The Bayelsa State Governor, Seriake Dickson, on Tuesday backed a recent call by the All Progressives Congress for the restructuring of the country.
In a statement signed by his spokesperson, Francis Agbo, Mr. Dickson commended the ruling party for the move, but said the mission must be given a bi-partisan approach.
The governor suggested that a restructuring committee should be raised and its members should “be drawn from all political parties, civil societies and the academia to deal decisively with the matter as this would give a sense of belonging to all and sundry.”
“Nigeria’s unity and indivisibility is desirable but should be negotiated for the good of all”, Mr. Dickson, a member of the Peoples Democratic Party, said.
Amongst the issues the governor said should be addressed in a restructured Nigeria is resource control.
“Any restructuring that doesn’t include resource control will not make much sense to my people because for us in the Niger Delta, restructuring Nigeria starts with resource control,” he said.
Mr. Dickson’s comments came a week after the APC said it would raise a committee that would design its modalities for restructuring.
Bolaji Abdullahi, the party’s spokesperson, said the party’s manifesto contained aspects that dealt with how to restructure the country’s political system, largely through devolution of power.
“We intend to look at fiscal federalism, state police and other concerns that would give devolve more powers to the states rather than concentrating everything at the centre,” Mr.

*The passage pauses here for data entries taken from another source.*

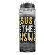 This powerful graphic boldly declares "JESUS IS THE ANSWER" in striking yellow and white typography. The text stands out against a dramatic grayscale landscape featuring layered mountains, dense evergreen forests, and a tranquil body of water. This stylized design conveys a profound spiritual message of unwavering faith and divine truth.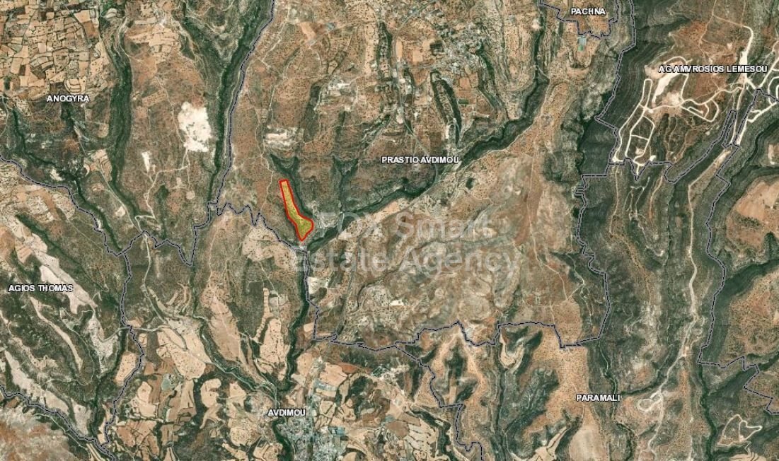 Land for sale 62877 square meters in the village of Prastio Avdimou. Main characteristics: - Next to residential zoning with electricity network - Easy access to nearby villages and 100M away from main road to Limassol & Paphos Nearby landmarks: Waterfall of Prasteio Avdimou: 1KM Golf course: 5KM Beach: 6KM Limassol center: (20 mins) Paphos airport: (25 mins)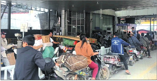 小城实在繁忙,不少缅甸牌照的摩托车、电动车上午来扫货,下午再从口岸返回缅甸。不过,来时还单枪匹马的一人一车,回缅甸的时候,已经载着一百多公斤货物了——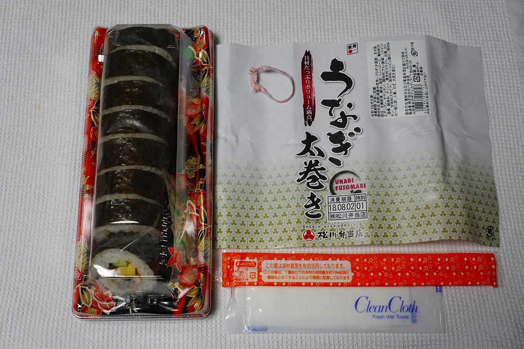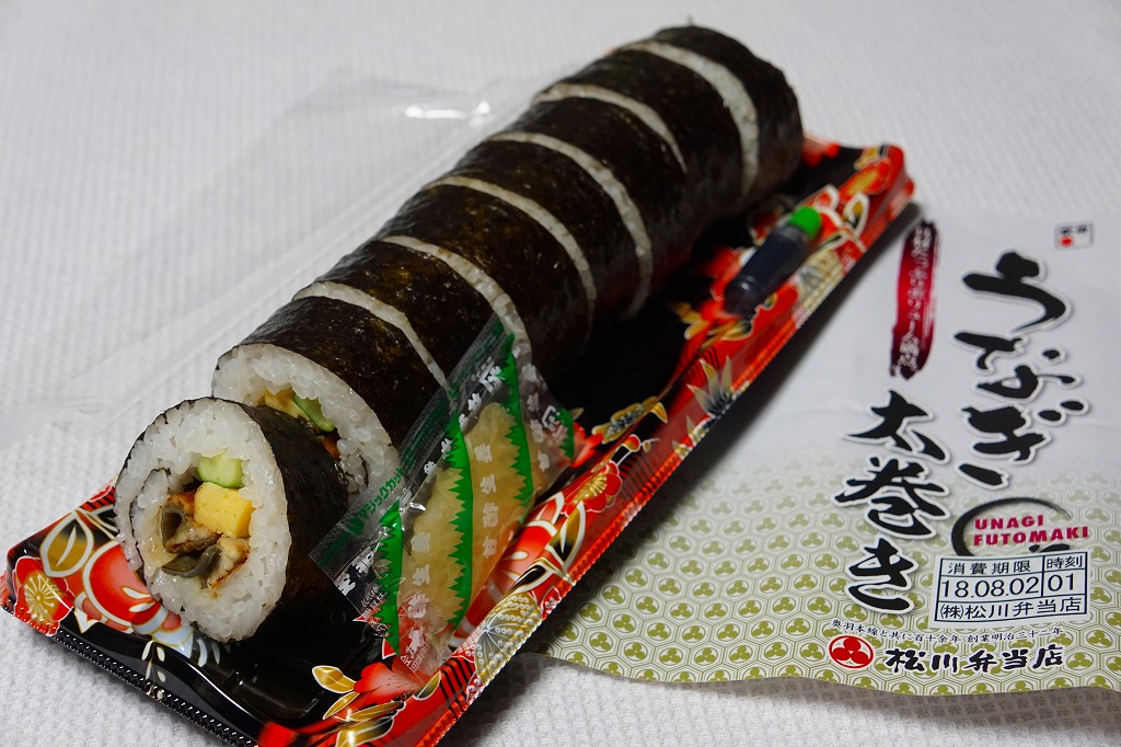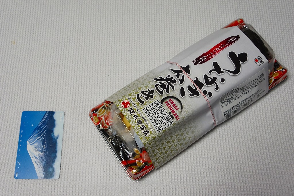 寿司惣菜向けプラ製トレーに、8切れにカットした細身の太巻きを横たえ、透明な上げ蓋をして、商品名を書いた掛紙で巻く。細身の太巻きの具のごく一部がウナギ。最近のウナギ弁当としては比較的廉価でも、味や香りもそれくらい細い感じ。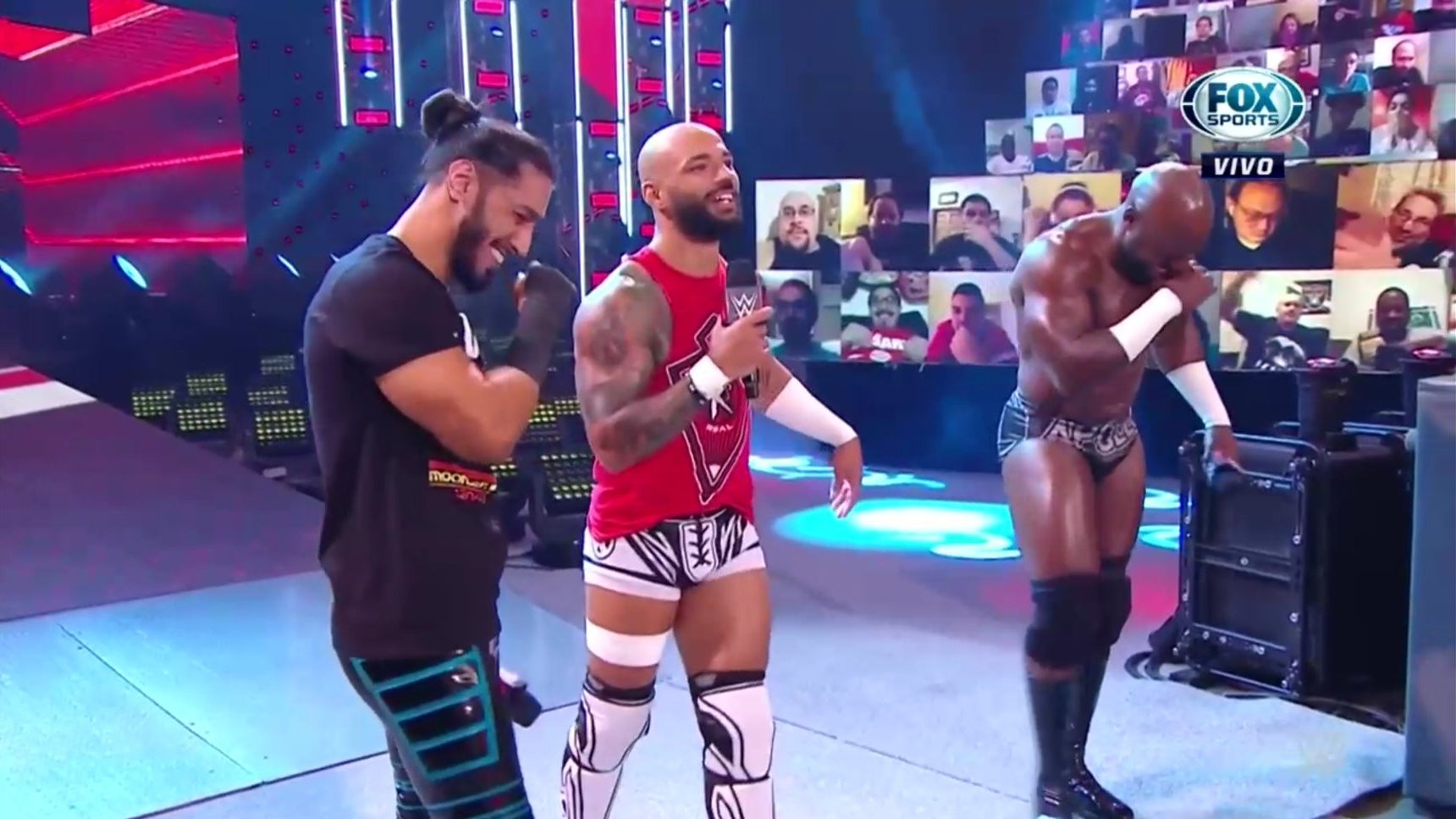 MVP y compañía están en el centro del ring y nos compartirá un anuncio oficial. Nos aclara que Apollo, Ricochet y Mustafa Ali no ganaron la semana pasada.

Abdullahi told PREMIUM TIMES Tuesday night.
Both the APC and its central government, led by President Muhammadu Buhari, had hitherto been elusive about restructuring. Mr. Buhari had said his administration will not prioritise implementation of the recommendations of 2014 national conference.
The party’s position on what constitutes restructuring, which came amidst growing agitation amongst ethnic nationalities, appeared fundamentally different from what advocates of a restructured Nigeria say they want.
For one, foremost Yoruba interest group, Afenifere, said any restructuring that failed to return the country to a regional political system will not be acceptable. The group said the country should be sub-divided into regions as it was before independence in 1960 and for seven years hence.
A former Vice President, Atiku Abubakar, has been amongst the biggest voices against the current political system in Nigeria, but said he would allow Nigerians to determine the scope of a restructured system.
He wants all the states in the country to become autonomous federating units, as against the current system in which most of the authorities are derived from centre, even when the Constitution accords a good degree of independence to states.
Last week, Mr. Abubakar, a member of the APC, welcomed his party’s decision to address some of the contentious arguments around restructuring.
The APC took the decision days after the Nigerian Senate, which has its members in the majority, passed a resolution for the implementation of the 2014 confab report.
In his latest statement, Mr. Dickson acknowledged myriads of constitutional hurdles that will be encountered in trying to restructure the country, but said the efforts will pay off if the APC displayed potent leadership and a sincerity of purpose.